__Description of the task__: In the entries below, which lines run from the one containing "Forward V berth, chemical" to the one containing "Merino wool jumper"? Copy exactly those lines, ends included, and no others.

__Records supplied__:
──────────
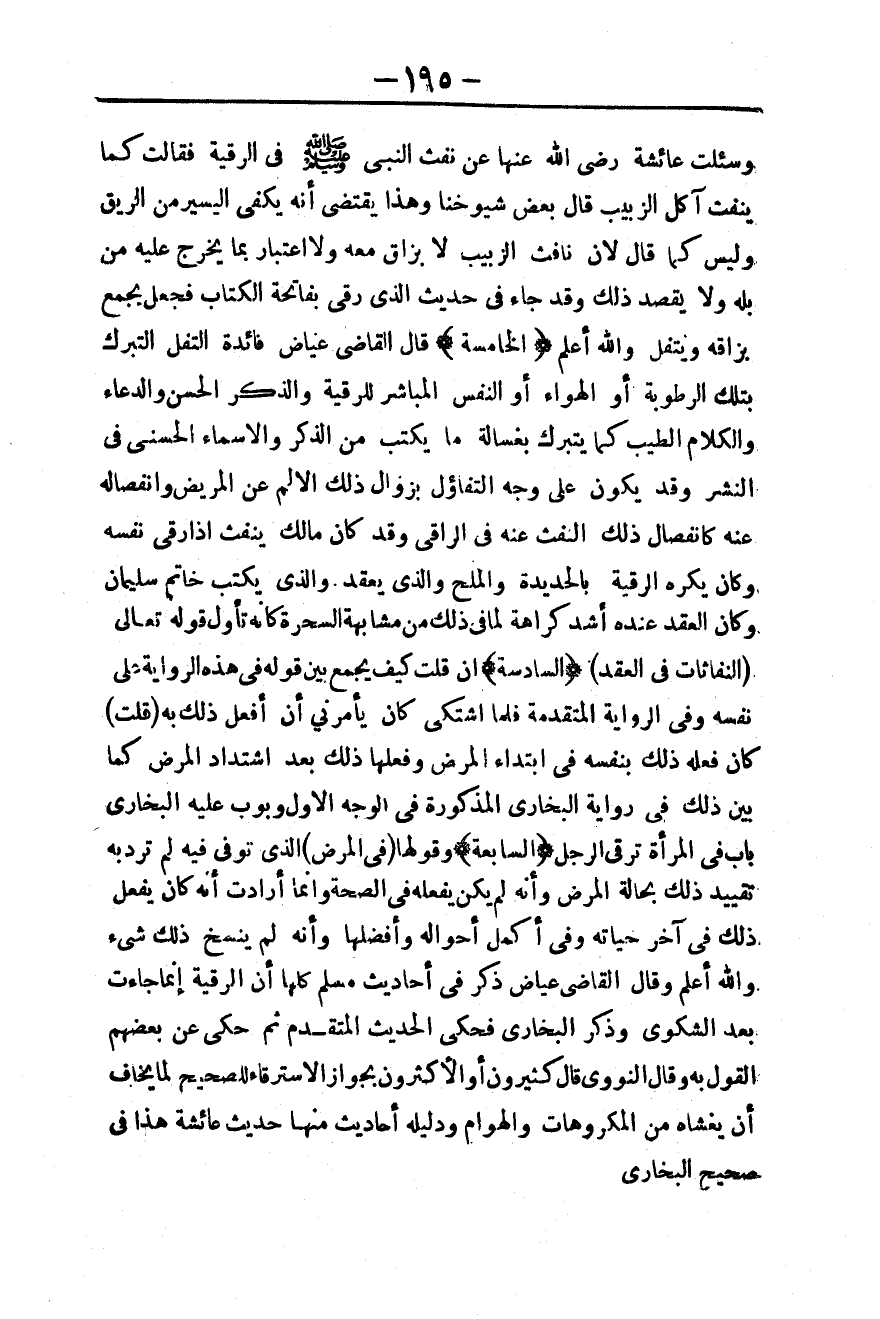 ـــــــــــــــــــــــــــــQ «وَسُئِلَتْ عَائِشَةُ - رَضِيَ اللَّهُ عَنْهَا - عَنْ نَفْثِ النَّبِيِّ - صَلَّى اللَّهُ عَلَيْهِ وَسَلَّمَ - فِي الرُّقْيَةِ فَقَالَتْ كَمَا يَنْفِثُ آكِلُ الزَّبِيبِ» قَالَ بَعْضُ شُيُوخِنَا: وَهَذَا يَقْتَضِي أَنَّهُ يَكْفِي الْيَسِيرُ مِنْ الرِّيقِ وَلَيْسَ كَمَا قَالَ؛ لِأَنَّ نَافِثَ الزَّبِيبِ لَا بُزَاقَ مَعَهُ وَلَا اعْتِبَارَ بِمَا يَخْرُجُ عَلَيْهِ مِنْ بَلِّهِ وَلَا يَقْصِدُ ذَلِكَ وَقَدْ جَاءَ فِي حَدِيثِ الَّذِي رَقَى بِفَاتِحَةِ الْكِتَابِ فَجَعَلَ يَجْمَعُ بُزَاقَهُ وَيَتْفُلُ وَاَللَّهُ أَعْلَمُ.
──────────
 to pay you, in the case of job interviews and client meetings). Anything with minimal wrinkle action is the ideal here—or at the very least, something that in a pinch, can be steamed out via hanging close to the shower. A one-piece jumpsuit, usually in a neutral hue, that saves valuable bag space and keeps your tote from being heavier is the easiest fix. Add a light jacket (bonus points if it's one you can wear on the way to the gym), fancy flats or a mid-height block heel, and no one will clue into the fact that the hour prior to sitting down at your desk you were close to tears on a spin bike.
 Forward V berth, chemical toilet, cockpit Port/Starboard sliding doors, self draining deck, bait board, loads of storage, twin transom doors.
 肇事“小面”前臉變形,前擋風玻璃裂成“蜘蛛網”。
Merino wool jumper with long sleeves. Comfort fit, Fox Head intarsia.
──────────
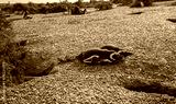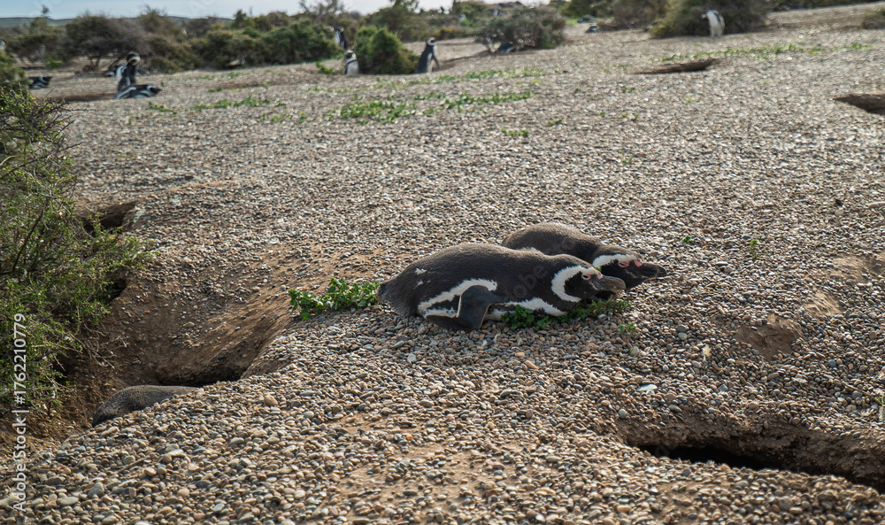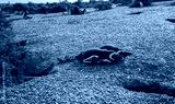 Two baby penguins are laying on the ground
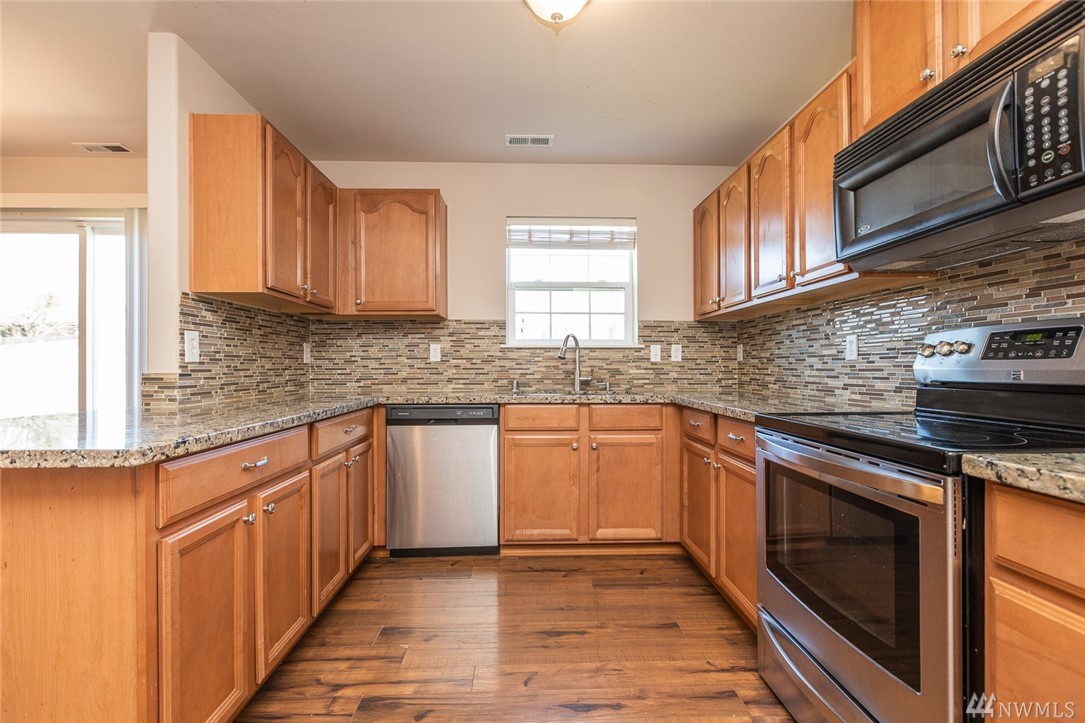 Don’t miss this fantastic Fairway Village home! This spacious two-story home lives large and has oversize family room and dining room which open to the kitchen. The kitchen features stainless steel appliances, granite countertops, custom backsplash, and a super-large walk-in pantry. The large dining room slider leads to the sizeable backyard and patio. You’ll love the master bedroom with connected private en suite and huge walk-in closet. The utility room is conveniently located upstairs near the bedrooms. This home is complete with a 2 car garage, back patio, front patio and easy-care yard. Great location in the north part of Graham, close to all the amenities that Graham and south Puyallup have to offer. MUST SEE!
──────────
__Exercise response__:
 Forward V berth, chemical toilet, cockpit Port/Starboard sliding doors, self draining deck, bait board, loads of storage, twin transom doors.
 肇事“小面”前臉變形,前擋風玻璃裂成“蜘蛛網”。
Merino wool jumper with long sleeves. Comfort fit, Fox Head intarsia.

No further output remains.